### Dataset extract
=-=-=-=-=

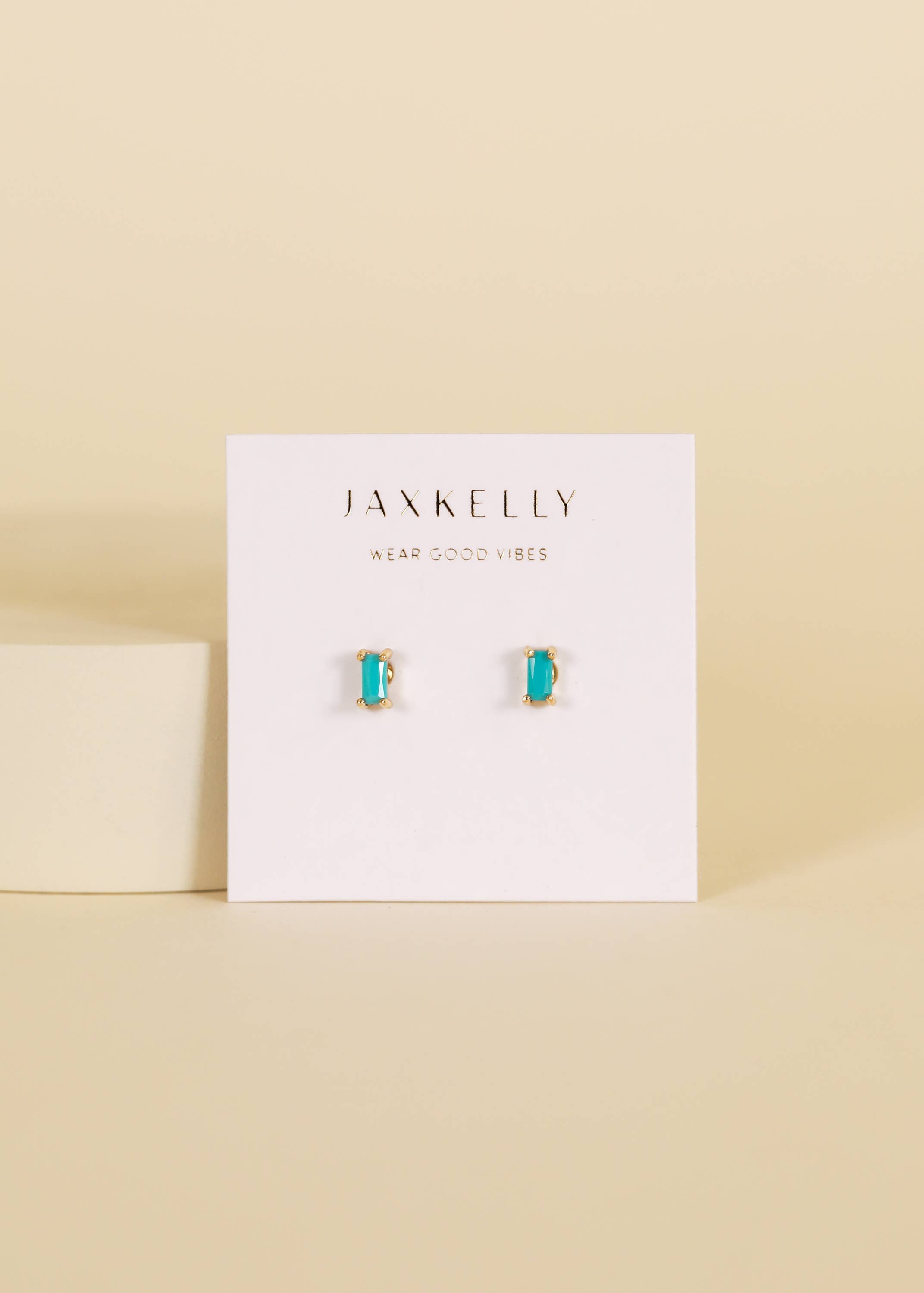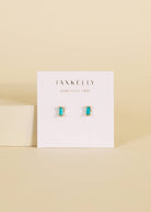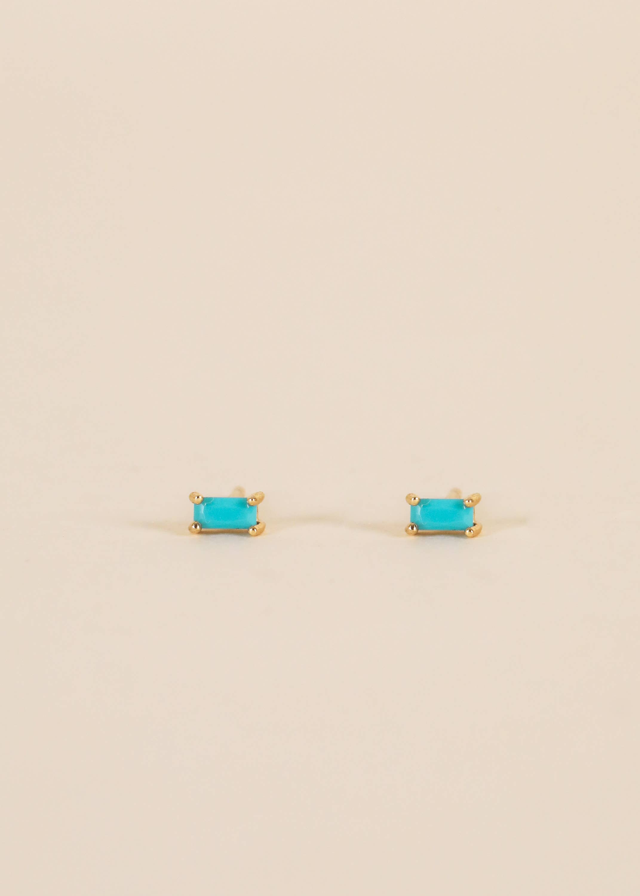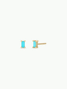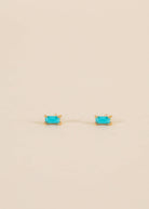 A customer favorite, our turquoise baguette is made for stacking! Featuring a petite polished turquoise stone cut into shape and set in an 18k gold-plated prong earring over sterling silver.
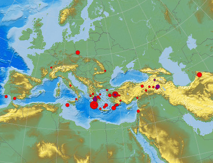Έτσι παρουσιάζει το Ευρωμεσογειακό Σεισμολογικό Κέντρο την σεισμική δραστηριότητα στην Ευρώπη σε real time.
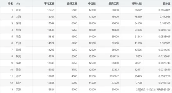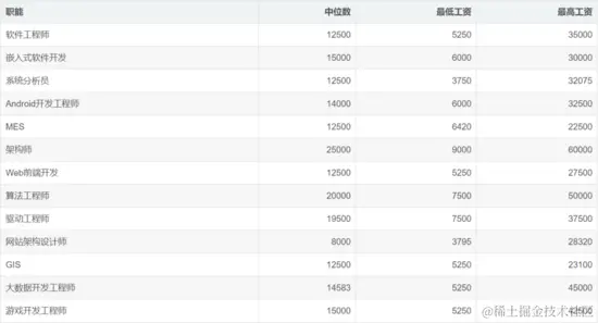 【2】 程序员收入差别大,不同城市不同岗位差别很大,中位数的13000,然而平均薪资到了15052,高薪人群的薪资是真的高,程序员薪资成长空间真大!
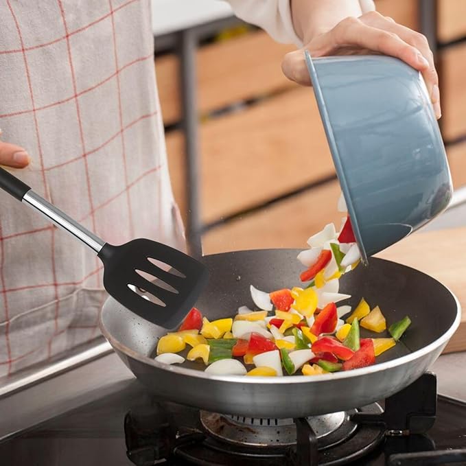 • Easy to Clean and Maintain: The non-stick silicone surface not only makes cooking easier but also simplifies the cleaning process. The Silicone Utensils are dishwasher safe, allowing for convenient and efficient cleanup after use. The durable construction ensures that the utensils maintain their quality over time, providing a reliable and long-lasting addition to your kitchen cookware collection
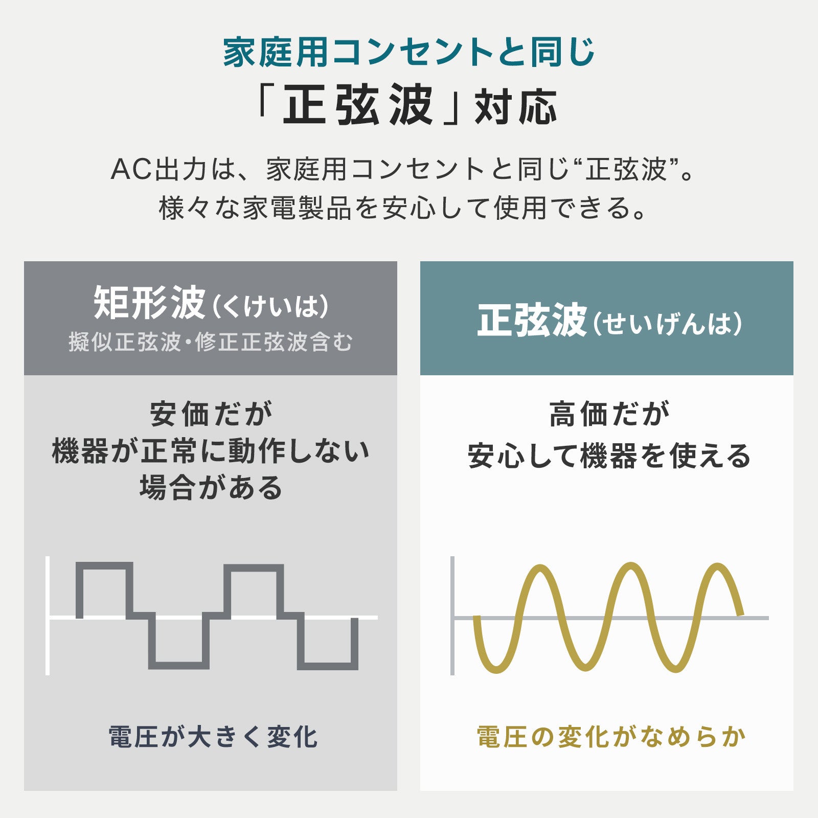 AC出力は家庭用コンセントと同じ「正弦波」です。様々な家電製品を安心して使用できます。
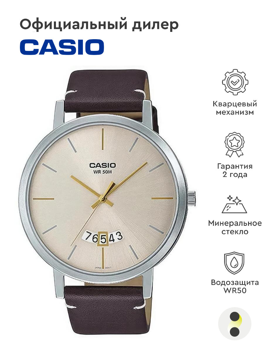 MTP-B100L-2E Casio наручные часы кварцевые WR50 (5 атм) мужские хром, коричневый отображение числа минеральное стекло
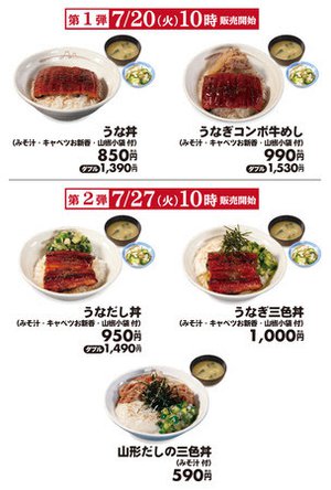 それぞれの価格はうな丼が850円(ダブル1,390円)、うなぎコンボ牛めしが990円(ダブル1,530円)、うなだし丼が950円(ダブル1,490円)、うなぎ三色丼が1,000円、山形だしの三色丼が590円。

=-=-=-=-=

### What is needed
Copy the entries exactly. Leave the pictures out.

### Written answer
 A customer favorite, our turquoise baguette is made for stacking! Featuring a petite polished turquoise stone cut into shape and set in an 18k gold-plated prong earring over sterling silver.
Έτσι παρουσιάζει το Ευρωμεσογειακό Σεισμολογικό Κέντρο την σεισμική δραστηριότητα στην Ευρώπη σε real time.
 【2】 程序员收入差别大,不同城市不同岗位差别很大,中位数的13000,然而平均薪资到了15052,高薪人群的薪资是真的高,程序员薪资成长空间真大!
 • Easy to Clean and Maintain: The non-stick silicone surface not only makes cooking easier but also simplifies the cleaning process. The Silicone Utensils are dishwasher safe, allowing for convenient and efficient cleanup after use. The durable construction ensures that the utensils maintain their quality over time, providing a reliable and long-lasting addition to your kitchen cookware collection
 AC出力は家庭用コンセントと同じ「正弦波」です。様々な家電製品を安心して使用できます。
 MTP-B100L-2E Casio наручные часы кварцевые WR50 (5 атм) мужские хром, коричневый отображение числа минеральное стекло
 それぞれの価格はうな丼が850円(ダブル1,390円)、うなぎコンボ牛めしが990円(ダブル1,530円)、うなだし丼が950円(ダブル1,490円)、うなぎ三色丼が1,000円、山形だしの三色丼が590円。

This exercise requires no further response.